Impacts of the Transition Mechanism and MOPR Reforms on state policy goals, markets, and market participants
The elimination of the MOPR by 2024 is welcomed by many as a necessary correction to ISO-New England’s management of the region’s wholesale electricity markets. No party to the FERC proceedings approving the change protested this portion of the revisions. By enabling state-sponsored resources to reliably access capacity revenues, the MOPR Reforms should work to accelerate progress toward New England states’ decarbonization goals, reduce friction between the ISO and state policymakers, and engender renewable energy investor and developer confidence.
The Transition Mechanism has generated more controversy, primarily because it delays the implementation of the MOPR Reforms. Several stakeholders protested that the interim construct violates the Federal Power Act, that the MOPR should be abolished immediately, and that continued application of the MOPR to state-sponsored resources will force New England electricity consumers to pay for capacity they do not want or need, a stance with which two of the five FERC Commissioners signaled agreement in a concurrence. Still, the Transition Mechanism will enable up to 700 MW of state-sponsored capacity to win capacity obligations over the next two years, far more than the cumulative 54 MW that submitted successful bids in the four CASPR auctions prior to 2022.

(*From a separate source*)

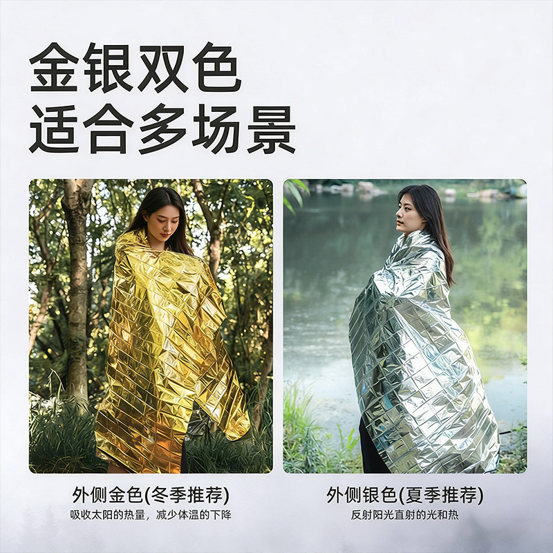 便携式铝箔雨衣野外求生防失温防寒冻户外露营登山应急保温急救毯

State-sponsored resources that would benefit from securing capacity revenue in coming years should determine whether they qualify under the new expanded SPR definition to avoid MOPR mitigation. Such resources are more likely to compete successfully in capacity auctions under both the Transition Mechanism and MOPR Reforms market designs than they may have been in the past. Resources contemplating exiting the capacity markets in the next half-decade should scrutinize the differences in how substitution auctions will be conducted under the Transition Mechanism and under the final market design, in order to determine how the different designs reward retirement. And finally, all market participants should watch the headlines as ISO-New England develops its plans to deploy a new capacity accreditation methodology and day-ahead ancillary services market, especially to see which resources benefit from these policies. Both policies have the potential to significantly alter the wholesale market landscape when they do arrive in FCA 19.
*Mack Ramsden, Summer Associate at Foley Hoag LLP.